What you should do: Could the listing be repeated exactly, with every picture dropped?

Supplied information:

- - - - - - -

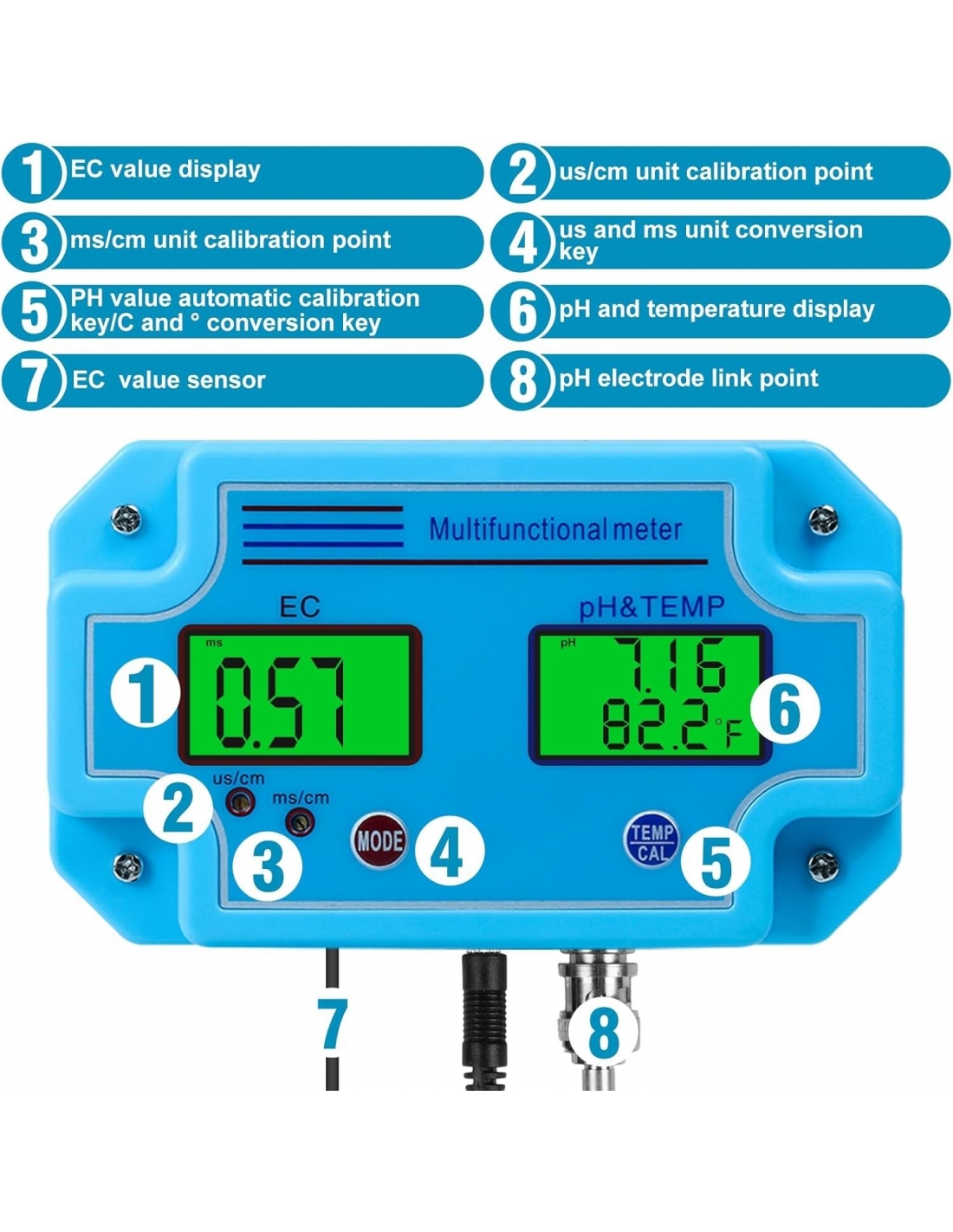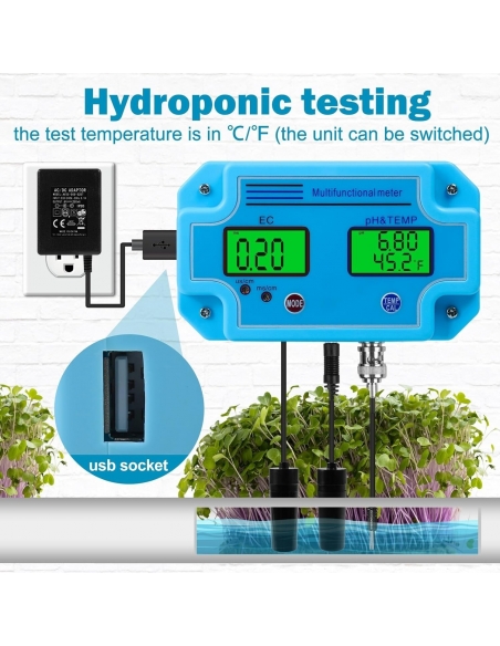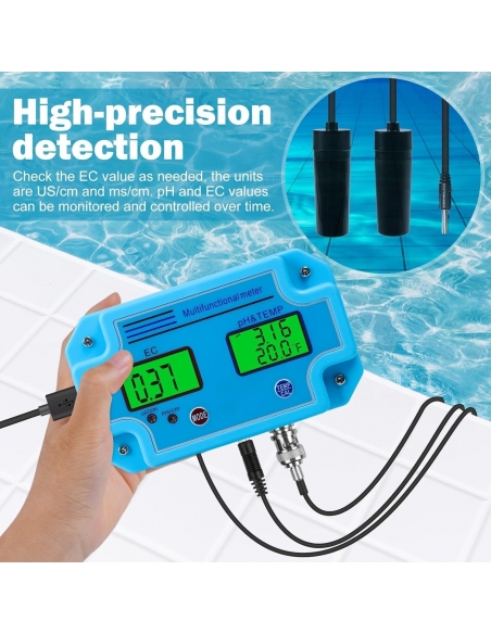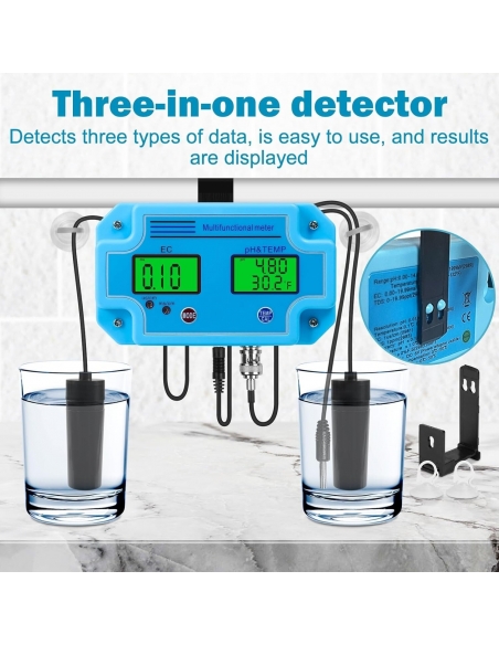 Misuratore PH, Rilevatore d'Acqua Professionale 3 in 1 PH/EC/Temp
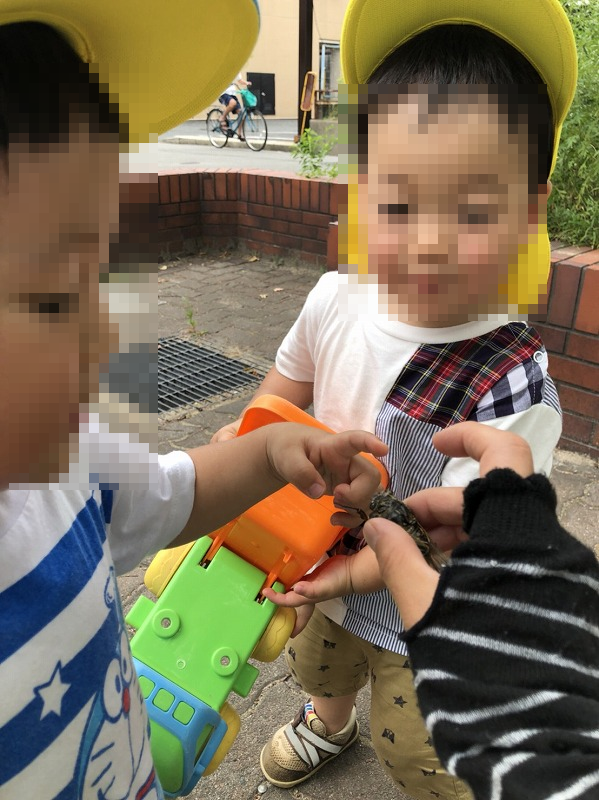 写真は昨日公園で捕まえたセミをツンツンする子(笑)。
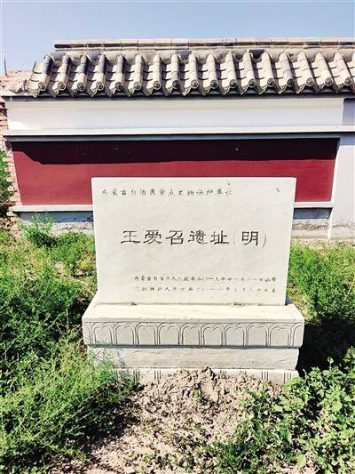 7月末,采访组一行从达拉特旗政府所在地树林召镇驱车30公里,来到了位于王爱召镇王爱召村的王爱召遗址前。眼前的遗址却只有一方宽阔的院落,院中杂草丛生,四周是新修的围墙,正面立有一座文保碑,碑身记录着王爱召于明万历三十四年兴建,清廷赐名“广慧寺”,后因鄂尔多斯领主博硕克图济农后裔受封郡王,俗称“王爱召”。原有山门、钟鼓楼、四大天王殿等,藏式建筑259间,喇嘛住房282间,居伊克昭盟寺庙之首。1941年毁于战火。通过散落在院中的残砖碎瓦和一两处断壁残垣,仍可窥见这里曾经有过寺庙建筑,可除此之外,其他地方均已是民宅,曾经辉煌的寺庙早已荡然无存。
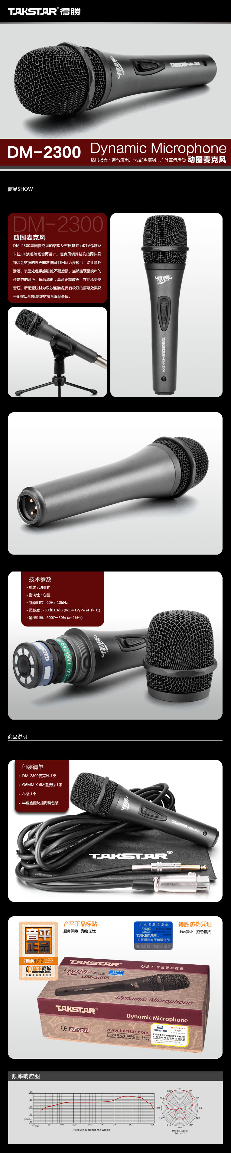• 单体: 动圈式 • 指向性: 心型 • 频率响应: 60Hz-18kHz • 灵敏度: -50dB±3dB (0dB=1V/Pa at 1kHz) • 输出阻抗: 600Ω±30% (at 1kHz)

- - - - - - -

Answer section:
 Misuratore PH, Rilevatore d'Acqua Professionale 3 in 1 PH/EC/Temp
 写真は昨日公園で捕まえたセミをツンツンする子(笑)。
 7月末,采访组一行从达拉特旗政府所在地树林召镇驱车30公里,来到了位于王爱召镇王爱召村的王爱召遗址前。眼前的遗址却只有一方宽阔的院落,院中杂草丛生,四周是新修的围墙,正面立有一座文保碑,碑身记录着王爱召于明万历三十四年兴建,清廷赐名“广慧寺”,后因鄂尔多斯领主博硕克图济农后裔受封郡王,俗称“王爱召”。原有山门、钟鼓楼、四大天王殿等,藏式建筑259间,喇嘛住房282间,居伊克昭盟寺庙之首。1941年毁于战火。通过散落在院中的残砖碎瓦和一两处断壁残垣,仍可窥见这里曾经有过寺庙建筑,可除此之外,其他地方均已是民宅,曾经辉煌的寺庙早已荡然无存。
• 单体: 动圈式 • 指向性: 心型 • 频率响应: 60Hz-18kHz • 灵敏度: -50dB±3dB (0dB=1V/Pa at 1kHz) • 输出阻抗: 600Ω±30% (at 1kHz)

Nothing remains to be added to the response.